Le Premier ministre espagnol, Pedro Sánchez, a fermement réaffirmé la position de Madrid en déclarant « non à la guerre » contre l’Iran, qualifiant le conflit au Moyen-Orient de « catastrophe ».
Il a souligné que l’Espagne s’oppose aux frappes américaines et israéliennes contre Téhéran, qu’il juge contraires au droit international, et a mis en garde contre une escalade aux conséquences dramatiques pour des millions de personnes. Évoquant le précédent de la guerre en Irak, Sánchez a rappelé que l’intervention menée il y a plus de vingt ans, sous prétexte d’éliminer des armes de destruction massive et de garantir la sécurité mondiale, avait en réalité entraîné davantage d’instabilité et d’insécurité.

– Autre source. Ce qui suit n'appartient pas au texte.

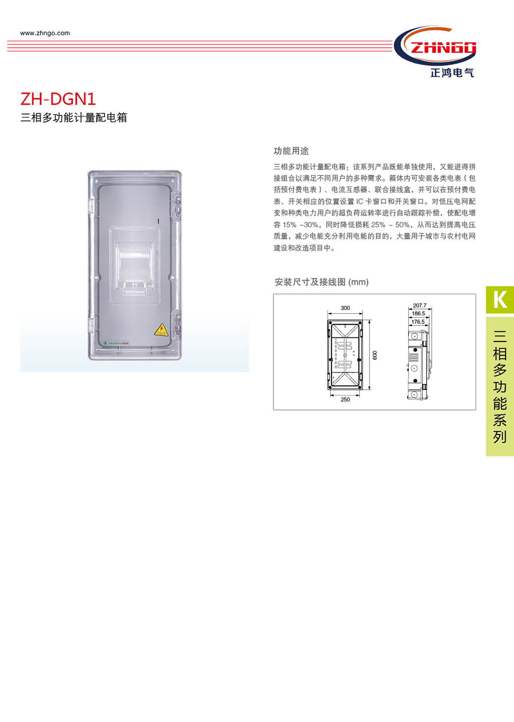 三相多功能計(jì)量配電箱:該系列產(chǎn)品既能單獨(dú)使用,又能進(jìn)得拼接組合以滿足不同用戶的多種需求。箱體內(nèi)可安裝各類電表(包括預(yù)付費(fèi)電表)、電流互感器、聯(lián)合接線盒,并可以在預(yù)付費(fèi)電表、開關(guān)相應(yīng)的位置設(shè)置 IC 卡窗口和開關(guān)窗口。對(duì)低壓電網(wǎng)配變和種類電力用戶的超負(fù)荷運(yùn)轉(zhuǎn)率進(jìn)行自動(dòng)跟蹤補(bǔ)償,使配電增容15% -30%,同時(shí)降低損耗 25% - 50%,從而達(dá)到提高電壓質(zhì)量,減少電能充分利用電能的目的,大量用于城市與農(nóng)村電網(wǎng)建設(shè)和改造項(xiàng)目中。
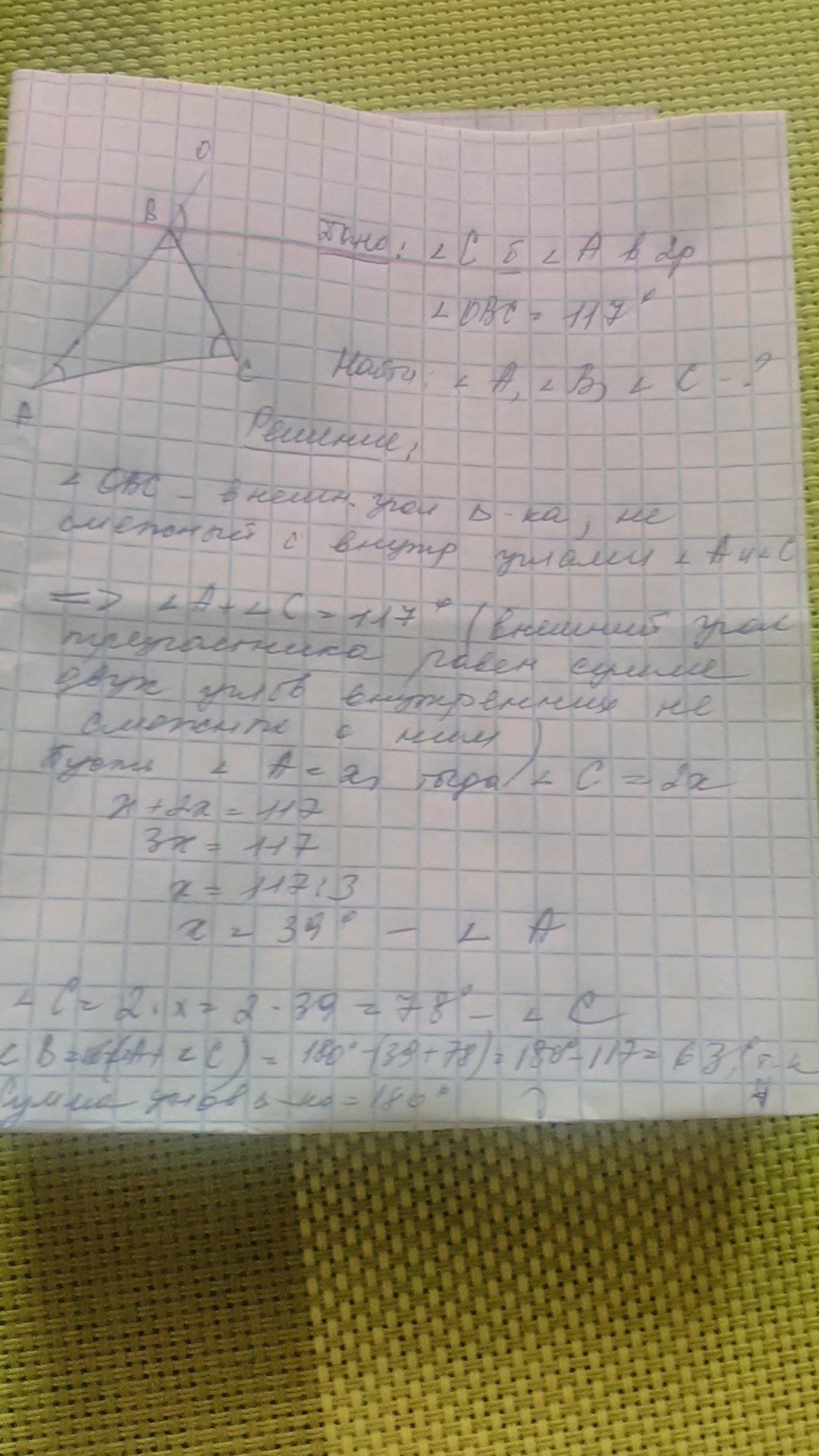 один из внутренних углов треугольника в 2 раза больше другой, а внешний угол при вершине третьего угла равна 117 градусов. найдите углы треугольника

Ces déclarations interviennent dans un contexte de tensions avec le président américain, Donald Trump, qui a menacé de rompre les relations commerciales avec l’Espagne. Dans une allocution télévisée d’une dizaine de minutes, Sánchez a résumé la position de son pays en trois mots : « non à la guerre ».
Il a également précisé que Madrid refusait d’autoriser l’utilisation des bases militaires de Morón et Rota pour des frappes contre l’Iran, ce qui a provoqué la menace d’un embargo commercial total de la part des États-Unis.